Native American Spirituality: “simply another form of spiritual expression”

Valerian Three Irons

Valerian Three Irons

This is perhaps the first time that someone who lives Native American spirituality has sat on the Campus Interfaith Council (and has been asked to write a column for the Collegian, no less). First, understand that I am speaking for myself and not for all Native Americans. Mainstream society tends to stereotype. In North America, there are more than 500 indigenous nations, each possessing its own history, culture, language and spiritual ways.

Many Native Americans who live traditional spiritual ways do so privately. My comments are not meant to convert others. Rather, they are meant to enlighten and dispel myths.

In my experience, many South Dakotans know little about Native Americans. Students from the eastern seaboard, for example, seem to have more knowledge about Native Americans than many South Dakotans do.
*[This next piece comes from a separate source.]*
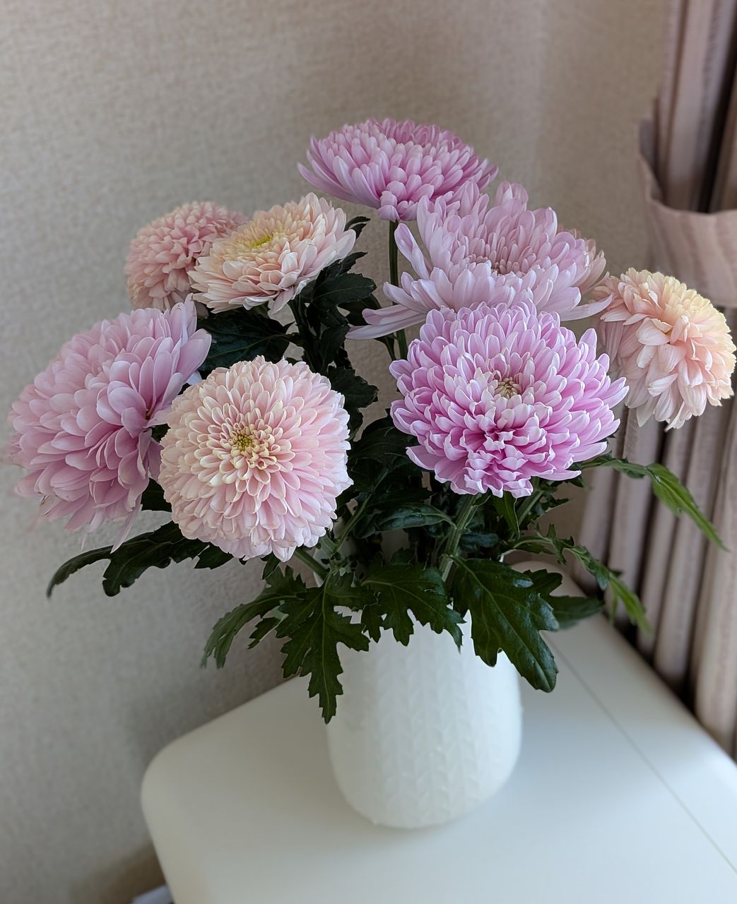 ころんと丸いフォルムと、幾重にも重なる花びらのやさしさも魅力です🤍
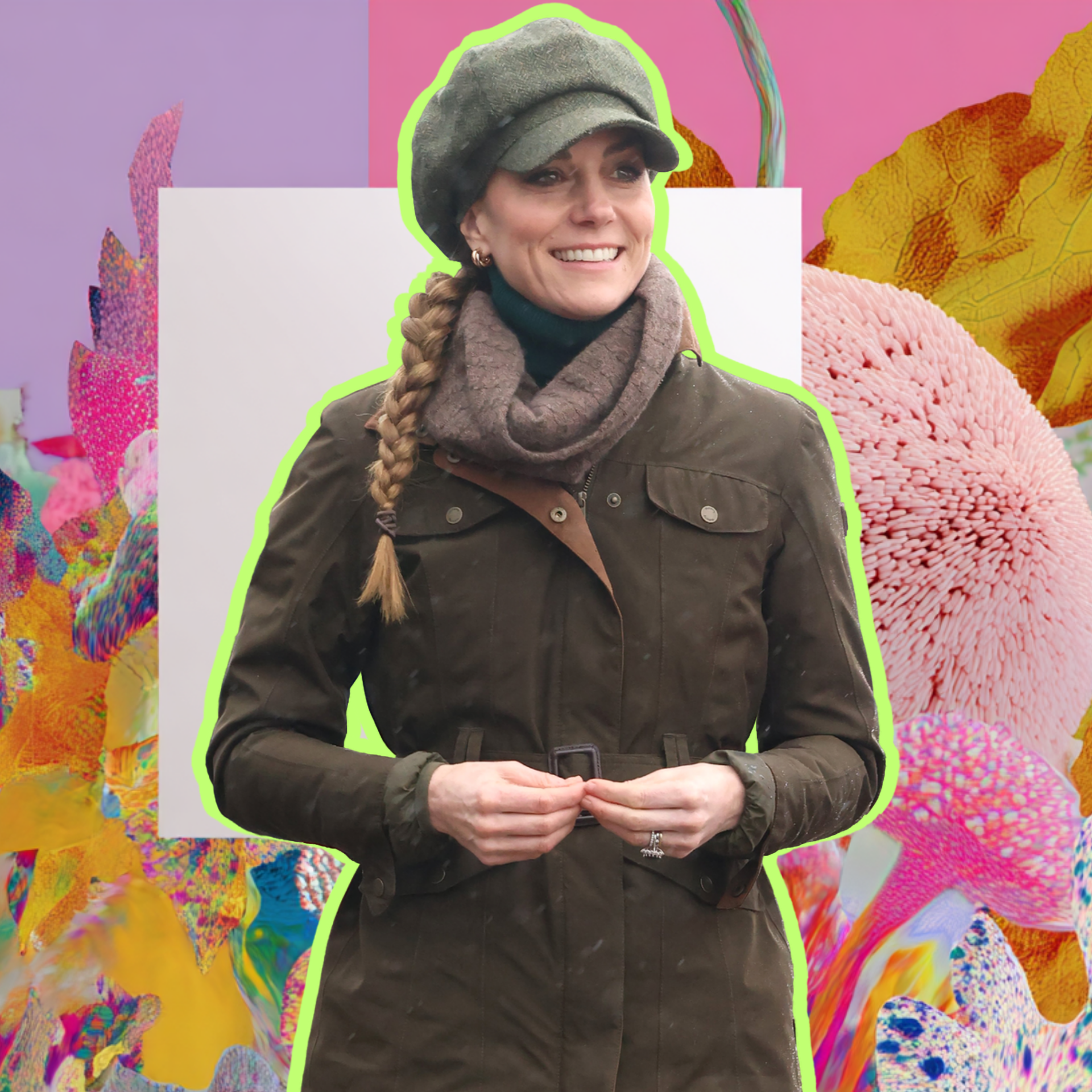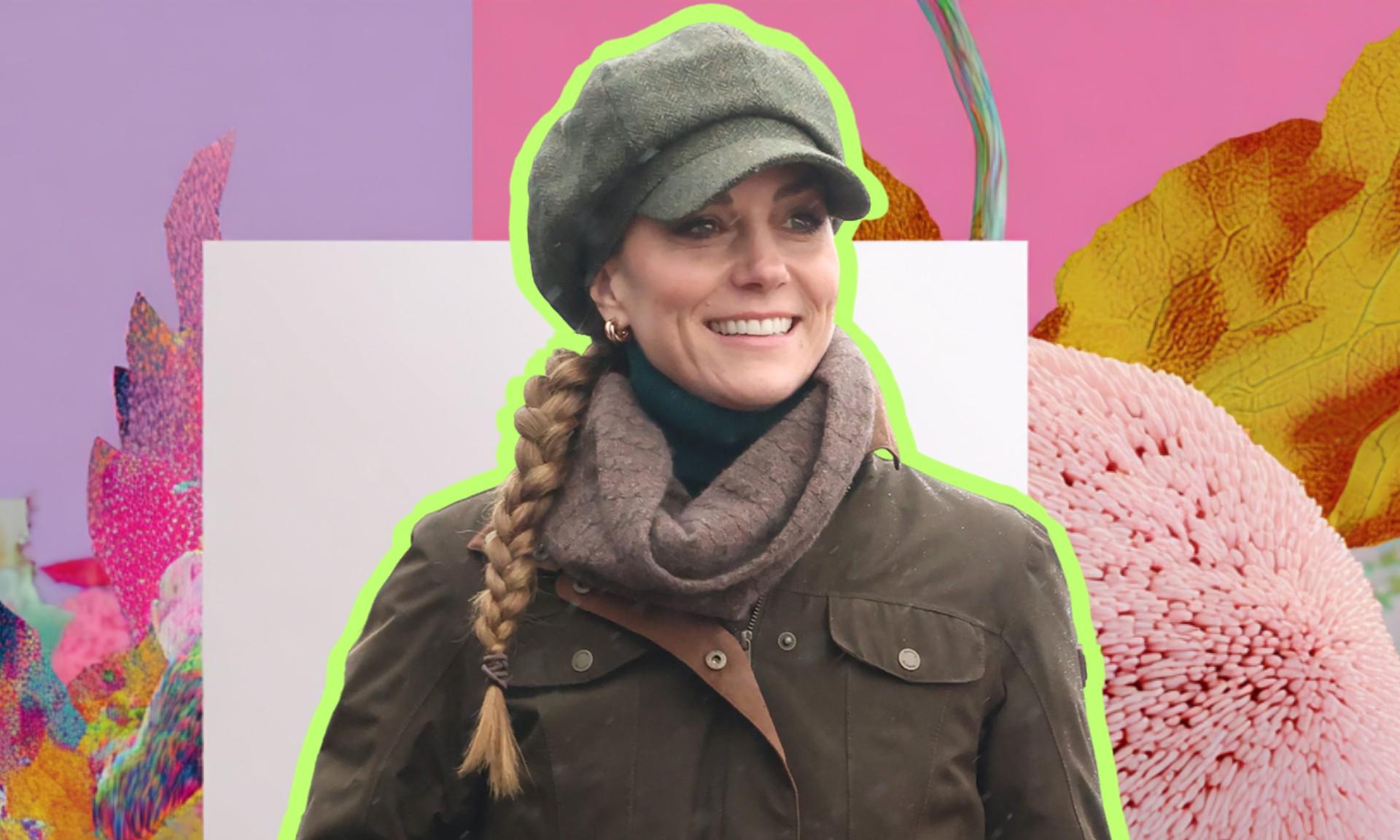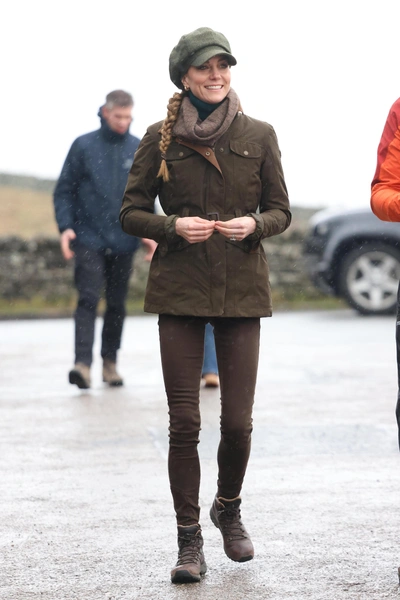 Для прогулки Кейт выбрала продуманный и очень показательный образ для активного отдыха. Никакой показной модности — только выверенные силуэты, спокойные оттенки и вещи, которые действительно работают. Оливково-зеленый жакет в стиле милитари с поясом на талии был надет поверх водолазки с плотным высоким воротом глубокого хвойного цвета. Шею она дополнительно укутала шерстяным коричневым шарфом, а голову защитила кепку-восьмиклинку оттенка мха, из-под которой выглядывала аккуратно заплетенная длинная косичка.

People have many questions about Native American spirituality. Most are innocent and are asked with utmost sincerity. One question asked is “Do Native Americans pray to God?” The answer is yes, if one’s spirituality so dictates. Many of us believe in one God who created us.

Native spirituality helps individuals live a good life and connect with our creator. We believe in our dreams and visions. They help us understand our life’s path and our connection to our creator and to all living things. We attempt to live by virtues like honesty, respect, courage, compassion, generosity, fortitude and humility. We live them rather than profess them. We also believe that no man or institution should come between self and God. Each day is sacred. We progress and grow spiritually by living as best we can by the virtues we have been taught. We all come into this world with certain strengths and challenges. They are part of our path. Our spiritual outlook is holistic; it includes all parts of self: mind, emotion, body and spirit.

As with all spiritual ways, we have rituals and ceremonies to help us live in a natural world created by God. We say all things, including tree, rock, water and air as well as plants and animals are alive and sacred. We acknowledge the four directions, the circle of life, the sun, the moon, the wind, the earth and all elements.

During an 1854 speech, Chief Seattle of the Suwamish Nation said, “Whatever befalls the Earth – befalls the sons of the Earth. Man did not weave the web of life – he is merely a strand in it. Whatever he does to the web, he does to himself.”

There is no need to convince anyone else of our beliefs. Perhaps that is why you don’t see people knocking on doors and asking to come in and talk to you about Native spirituality. If people come to Native spirituality it is because of attraction rather than promotion.

I would like to say that Native American spirituality is not so different from other faiths; it is simply another form of spiritual expression.